How does this iPhone app measure the power flowing through an AC appliance cord?

Question

My electric utility released an iPhone app called "DTE Insight" which (among other things) measures the amount of power flowing through an appliance's power cord by asking you to hold the cord against a specific part of the iPhone at a specific angle. I tested this app against the measurements from my Kill-a-Watt, and the app seems remarkably accurate to the point where I don't really understand how it works.

I understand that current flowing through a conductor creates a magnetic field around the conductor, and I imagine that this app is using the phone's magnetic field sensor to try to measure the magnetic field caused by the current flowing through the cable, then multiplying the calculated current by an assumed voltage of 115 or 120 or whatever in order to estimate power.

What confuses me is that household appliance cables contain two current-carrying conductors. Wouldn't the opposing magnetic fields from the two conductors interfere with and almost completely cancel out their respective fields out in the area around the cable? The app does ask whether the cord being tested is a two- or three-pronged cord, and whether the cord is round or flat. Can anybody explain to me how this might work?

Data

I did some tests using the app and my Kill-a-Watt to measure power draw of the same loads. I did five trials of each of the four loads using the app. The loads were:

1. Assorted computing equipment sharing a power strip
2. An electric fan on low
3. An electric fan on medium
4. An electric fan on high

The results are as follows:

Compute Load:

Kill-a-Watt: 632 W, 757 VA

App: 678 W, 667 W, 623 W, 662 W, 644 W

Fan on Low:

Kill-a-Watt: 56 W, 57 VA

App: 75 W, 75 W, 75 W, 75 W, 77 W

Fan on Medium:

Kill-a-Watt: 75 W, 75 VA

App: 103 W, 101 W, 98 W, 100 W, 97 W

Fan on High:

Kill-a-Watt: 97 W, 102 VA

App: 132 W, 129 W, 131 W, 128 W, 131 W

Reproducibility

If you want to try this yourself, you have to select "Tools" and then "Take a Power Scan" from the main menu of the app.

Answer 1

Not having used said app I believe it is a master of assumptions and averages.

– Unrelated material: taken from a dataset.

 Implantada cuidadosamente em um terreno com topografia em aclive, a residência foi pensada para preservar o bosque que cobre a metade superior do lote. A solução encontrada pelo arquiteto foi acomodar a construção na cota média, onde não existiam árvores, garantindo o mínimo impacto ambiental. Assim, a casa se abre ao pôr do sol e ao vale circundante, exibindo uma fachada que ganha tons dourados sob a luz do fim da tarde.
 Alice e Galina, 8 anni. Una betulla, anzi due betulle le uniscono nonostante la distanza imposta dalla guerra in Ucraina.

The far field of a transmission line with two opposite current conductors is essentially zero. However the near field on anything other than a solid screen co-ax will always have a unbalanced component around it.

The maximum unbalance will be when the two current conductors are 'eclipsed' and the near field will be mostly due to the nearer conductor.

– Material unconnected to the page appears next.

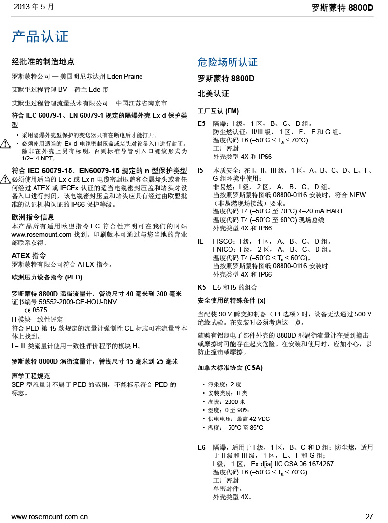名稱:羅斯蒙特 8800D 系列渦街流量計(jì)
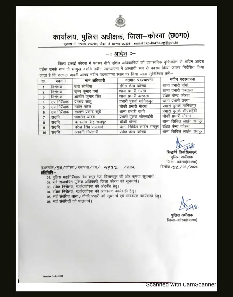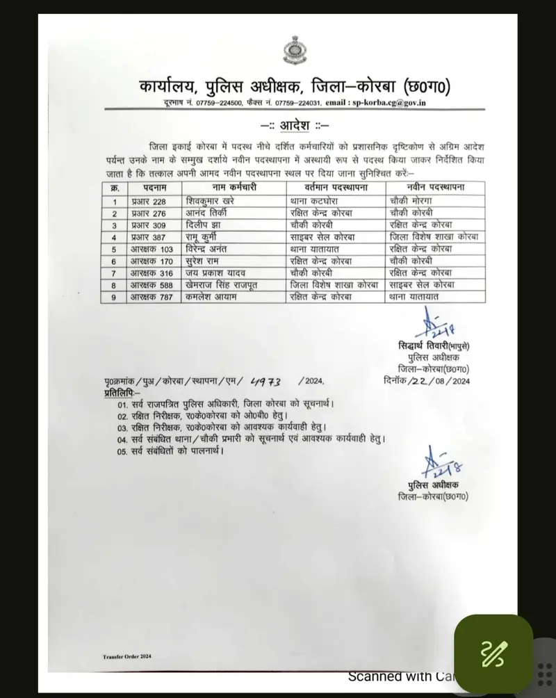 CHHATTISGARHCRIMEKORBAUncategorized KORBA:बदले गए थाना-चौकियों के प्रभारी,कई कर्मी प्रभावित.. Last updated: 2024/08/22 at 6:54 AM Thevoicesnews Published August 22, 2024 Share 0 Min Read कोरबा। जिला पुलिस अधीक्षक सिद्धार्थ तिवारी ने निरीक्षक से लेकर कई पुलिस अधिकारियों और कर्मियों का तबादला किया है। Thevoicesnews August 22, 2024 Share this Article Facebook Twitter Whatsapp Whatsapp Telegram Email Copy Link Print Thevoicesnews THE VOICES LETEST ARTICALS BIG BREAKINGCHHATTISGARHCRIMEHEALTHKORBAPOLITICSUncategorized *कोरबा: पतंग निकालने के चक्कर में ट्रांसफार्मर की चपेट में आया 8 वर्षीय मासूम, हालत गंभीर* Thevoicesnews February 5, 2026 CHHATTISGARHHEALTHKORBAPOLITICSUncategorizedVIDEO *अदाणी फाउंडेशन की ‘कम्युनिटी फर्स्ट’ पहल से कोरबा क्षेत्र में शिक्षा, स्वास्थ्य और सुरक्षा को मिली नई मजबूती* Thevoicesnews February 5, 2026 BIG BREAKINGCHHATTISGARHCRIMEHEALTHKORBAPOLITICSUncategorized *कोरबा: मानिकपुर खदान की 170 फीट गहराई में गिरने से ग्रामीण की मौत, सुरक्षा व्यवस्था पर उठे सवाल* Thevoicesnews February 5, 2026 CHHATTISGARHCRIMEKORBAUncategorized *ब्रेकिंग न्यूज़: SP सिद्धार्थ तिवारी ने जारी किए तबादला आदेश; कई थाना प्रभारियों के बदले क्षेत्र* Thevoicesnews February 5, 2026 CHHATTISGARHHEALTHKORBAPOLITICSUncategorized *रजत जयंती समारोह में 25 हितग्राहियों को प्रमाण पत्र, बिजली उपभोक्ताओं को योजनाओं की दी गई जानकारी* Thevoicesnews February 4, 2026 BIG BREAKINGCHHATTISGARHCRIMEHEALTHKORBAUncategorizedVIDEO *कोरबा: प्रेमी ने प्रेमिका के गले पर चाकू से किया वार, खुद भी घायल; युवक ने तोड़ा दम, युवती बिलासपुर रेफर* Thevoicesnews February 4, 2026 BIG BREAKINGCHHATTISGARHHEALTHKORBAPOLITICSUncategorized *बालको ने 37वें राष्ट्रीय सड़क सुरक्षा माह पर चलाया जागरूकता अभियान* Thevoicesnews February 4, 2026 BIG BREAKINGCHHATTISGARHHEALTHKORBAPOLITICSUncategorized *बालको ने डिजिटल समाधान से स्मार्ट मैन्युफैक्चरिंग को दी नई दिशा* Thevoicesnews February 4, 2026 BIG BREAKINGCHHATTISGARHCRIMEKORBAUncategorizedVIDEO *पुलिस महानिरीक्षक बिलासपुर के द्वारा “सशक्त मोबाइल ऐप” को कोरबा ज़िले में भी किया गया लागू* Thevoicesnews February 3, 2026 BIG BREAKINGCHHATTISGARHHEALTHKORBAPOLITICSUncategorized *ऊर्जानगरी को मिली नई सौगात: मुख्यमंत्री विष्णुदेव साय ने किया भाजपा के भव्य ‘अटल स्मृति भवन’ का शिलान्यास* Thevoicesnews February 2, 2026 THE VOICES VIDEO NEWS CHHATTISGARHHEALTHKORBAPOLITICSUncategorizedVIDEO *अदाणी फाउंडेशन की ‘कम्युनिटी फर्स्ट’ पहल से कोरबा क्षेत्र में शिक्षा, स्वास्थ्य और सुरक्षा को मिली नई मजबूती* Thevoicesnews February 5, 2026 BIG BREAKINGCHHATTISGARHCRIMEHEALTHKORBAUncategorizedVIDEO *कोरबा: प्रेमी ने प्रेमिका के गले पर चाकू से किया वार, खुद भी घायल; युवक ने तोड़ा दम, युवती बिलासपुर रेफर* Thevoicesnews February 4, 2026 BIG BREAKINGCHHATTISGARHCRIMEKORBAUncategorizedVIDEO *पुलिस महानिरीक्षक बिलासपुर के द्वारा “सशक्त मोबाइल ऐप” को कोरबा ज़िले में भी किया गया लागू* Thevoicesnews February 3, 2026 BIG BREAKINGCHHATTISGARHCRIMEHEALTHKORBAPOLITICSUncategorizedVIDEO *मुख्यमंत्री विष्णुदेव साय ने वर्चुअल उद्घाटन किया छत्तीसगढ़ के 8 नए साइबर थानों का* Thevoicesnews January 28, 2026 BIG BREAKINGCHHATTISGARHCRIMEKORBAPOLITICSUncategorizedVIDEO *होमगार्ड की नई जिला सेनानी योगिता साहू ने संभाला कोरबा में चार्ज* Thevoicesnews January 28, 2026

What I suggest for better trials is that you take a mains cable and carefully remove the outer covering for 12 inches or so to separate the internal wires (do this with a spare kettle cord if you like). Then run your tests with the phone placed next to just one of the live wires and see if it has repeatable results.

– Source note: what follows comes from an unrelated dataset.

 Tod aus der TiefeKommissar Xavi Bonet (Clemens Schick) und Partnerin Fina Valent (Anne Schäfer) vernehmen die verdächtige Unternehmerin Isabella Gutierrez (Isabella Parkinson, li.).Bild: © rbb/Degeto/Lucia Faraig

It is also important to remember that the magnetic field sensor in the phone should be a 3 axis device so it can determine the magnetic field 'direction' and infer the conductor placement to a degree and correct a bit.

Accuracy of 30% compared to a somewhat more predictable device I think is pretty phenomenal like you have found. Getting better will obviously be much harder given the loose test conditions required.

It does remind me of a totally passive DC ammeter that my friend had that was over 50 years old. It was merely placed against a (single) conductor (such as the alternator charging lead in a car) and would deflect its needle to indicate the local induced magnetic field proportional to the current. Orientation was important and it would not have read accurately if a return conductor was nearby, however the principal is pretty much the same.

Answer 2

I suspect that the current flowing in the cable deflects the "compass" reading. Even though the opposing current flows diminish the magnetic field strength, the magnetic field strength is non-zero in close proximity. The stronger the current flow, the stronger the deflection. Software can distinguish between the alternating (or pulsating) magnetic field and Earth's non-alternating magnetic field, each with different "headings". The relative magnetic strengths between the two help calculate the current flowing in the wire.